La cour d’appel a décidé « que la
délivrance d’un congé pour reprise par un ascendant constitue un acte de
disposition nécessitant l’assistance du curateur en cas de curatelle renforcée
» (C. civ., art. 467, al. 1er), d’où l’opposition d’intérêts. Donner
son assistance en une telle occurrence, voire représenter le majeur protégé,
selon le régime judiciaire concerné, plutôt que de recourir à un organe subrogé
ou ad hoc, consomme l’opposition, partant dicte la sanction.
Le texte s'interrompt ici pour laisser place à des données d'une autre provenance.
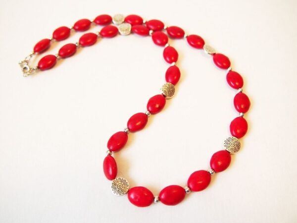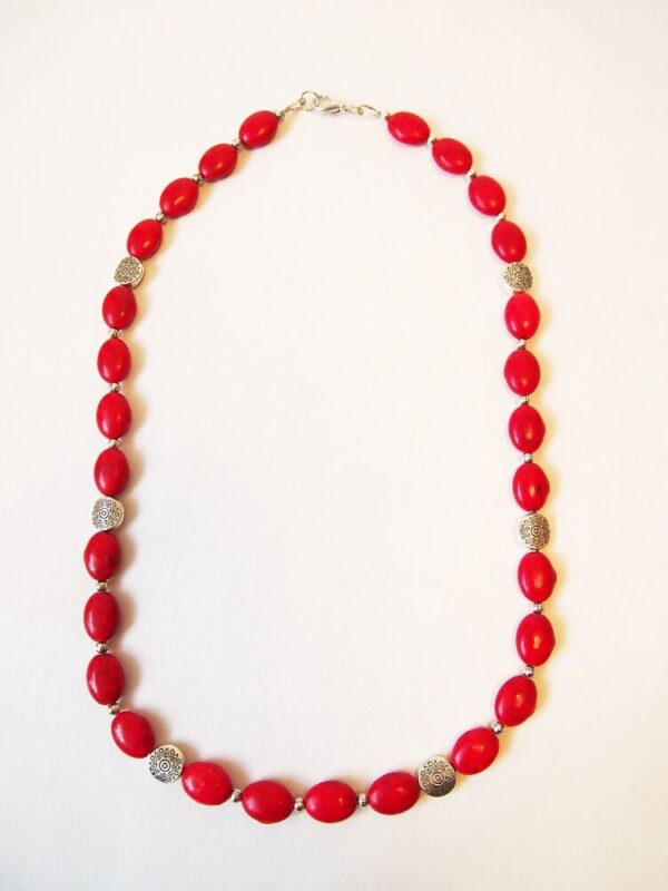 Etno stiilis punasest hauliidist kaelaehe. Käeehte keskmes on kaheksakand ehk Muhu mänd – iidne märk, mida tuntakse ka tänapäeval, kui õnne ja kaitse märki. Metallelelmendid on valmistatud hõbetatud vasesulamist. Niklivaba.Võivad esineda värvivariatsioonid. |
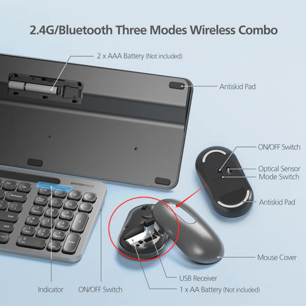 Bộ thu USB: Tiêu chuẩn với điện áp đầu vào 5V/30mA. Với thiết kế này, bạn sẽ không còn phải lo ngại về việc ngắt quãng công việc vì pin yếu. Thời gian sử dụng dài giúp bạn tập trung vào nhiệm vụ mà không bị phân tâm bởi việc phải thay pin hay sạc lại thiết bị. Sự bền bỉ và ổn định của KM-238W chính là yếu tố then chốt giúp bộ combo này trở thành lựa chọn lý tưởng cho những ai cần một thiết bị đáng tin cậy trong công việc hàng ngày. Hãy trải nghiệm sự thoải mái và hiệu quả mà sản phẩm này mang lại, giúp bạn tối ưu hóa thời gian và năng suất làm việc Tương thích linh hoạt với Mac & Windows Một trong những ưu điểm nổi bật của bộ combo bàn phím chuột không dây MicroPack KM-238W chính là khả năng tương thích rộng rãi với cả hệ điều hành Windows và Mac. Bạn chỉ cần dễ dàng chuyển công tắc để chọn chế độ tương thích mà không cần trải qua quá trình cài đặt phức tạp hay phần mềm hỗ trợ. Khả năng tương thích linh hoạt không chỉ giúp tiết kiệm thời gian mà còn nâng cao hiệu suất làm việc. Bạn có thể tập trung vào công việc mà không phải lo lắng về vấn đề tương thích thiết bị. Dù bạn đang làm việc trên Mac hay Windows, KM-238W luôn sẵn sàng hỗ trợ bạn. Thông số kỹ thuật & Chi tiết Công nghệ không dây: RF2.4GHz, BT3.0/BT5.0 Phạm vi không dây: ≦ 10m Bộ thu: Bộ thu Nano Công suất định mức: 5V/30mA (bộ thu), 3V/5mA (bàn phím), 1,5V/25mA (chuột) Bàn phím Loại công tắc: Khóa cấu trúc X Số phím: 99 Phím đa phương tiện: 12 Pin: 2 pin AAA Kích thước: 372,5x142,5x24 mm Chuột Độ phân giải: 1000-4000CPI Số nút: 4 (phím trái, phím phải, cuộn, chuyển đổi dpi) Pin: 1 pin AA Kích thước: 110x58x30,5mm Tương thích: Windows 8/10 trở lên.Mac OS X 10.10 trở lên,Android 5.0 trở lên,Chrome OS Bảo hành 1 năm Bộ sản phẩm bao gồm: 1. Chuột không dây 2. Bàn phím không dây 3. Hướng dẫn sử dụng 4. 1 pin AA 5. 1 pin AAA 6. Thẻ bảo hành
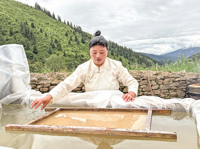 “我從15歲開始學(xué)習(xí)藏紙制作技藝,到現(xiàn)在已經(jīng)20年了……”
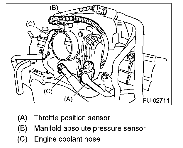 3. Disconnect the connectors from throttle position sensor and manifold absolute pressure sensor.

Sous la loi de 1968, dans un cas où était
invoquée l’opposition d’intérêts en assurance-vie entre curatélaire et curateur
désigné bénéficiaire, mais où le majeur protégé avait agi sans assistance, la
jurisprudence a admis, même pour des actes de disposition accomplis dans
l’intérêt du curateur, la règle habituelle[24]
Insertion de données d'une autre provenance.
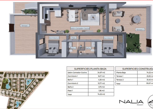 Willkommen in diesem neu gebauten Erdgeschoss-Bungalow, der sich perfekt in die idyllische Umgebung des Naturparks Lagunen von La Mata einfügt. Mit großzügigen 131 m² auf einer Ebene bietet dieses moderne Zuhause alles, was Sie sich wünschen können – 2 stilvolle Schlafzimmer, 2 luxuriöse Bäder und ein lichtdurchflutetes Wohn-Esszimmer, das durch seine offene Gestaltung eine angenehme Weitläufigkeit vermittelt.

de la nullité facultative de protection, non de droit, et l’a écartée dans
l’espèce particulière considérée[25].
L’idée sous-jacente était que l’opposition d’intérêts s’évanouissait du fait de
la non-assistance et qu’il fallait seulement se prononcer sur la nullité au
regard des circonstances de la cause, souverainement appréciées, ici favorables
au maintien de l’acte, ce qui peut ne pas toujours être le cas. La solution
nous semble toujours d’actualité si le majeur a agi seul sans être assisté. Par
comparaison, lorsque le code prévoit l’assistance pour faire une donation, il
pose une règle de fond selon laquelle le curateur est réputé en opposition
d’intérêts, s’il est donataire, à l’inverse du testament réalisé seul par le
curatélaire (C. civ., art. 470)[26].
Par parenthèse, la multiplication des « présomptions légales », qui dictent
autoritairement l’existence indéniable de l’opposition d’intérêts, sans
possibilité de preuve contraire selon nous[27],
qui sont utiles pour attirer l’attention, n’empêche en rien de caractériser
celle-ci, grâce à l’appréciation souveraine du juge, en dehors du strict cadre
légal qui ne prévoit pas forcément tout. Celui qui, dans l’acte, a une
opposition d’intérêts, ne subit pas une incapacité de jouissance, a charge de
respecter la procédure de substitution d’organe.
Cependant, il ne faudrait pas, pour
l’organe protecteur, utiliser le stratagème commode d’un défaut d’assistance,
en laissant le majeur agir seul - et probablement en tentant de l’influencer.
On pourrait y voir une façon de contourner l’obstacle de l’opposition
d’intérêts et de sa sanction plus aisée à mettre en œuvre, automatique par le
seul constat de l’existence de l’opposition d’intérêts bravée par la réalisation
d’une assistance ou une représentation. Dans cette ambiance de fraude, sur le
terrain de la nullité facultative, on peut penser que le juge saisi ne
manquerait alors pas de la prononcer, dans le respect de l’article 465 alinéa 1er,
2°, avec la condition du préjudice (au moins moral). On peut rapprocher de ce
cas celui où l’organe protecteur exercerait apparemment sa mission, sans
opposition d’intérêts, pour aboutir à un acte au profit d’un tiers, espèce de
personne interposée, recueillant indirectement l’intérêt de l’organe protecteur[28].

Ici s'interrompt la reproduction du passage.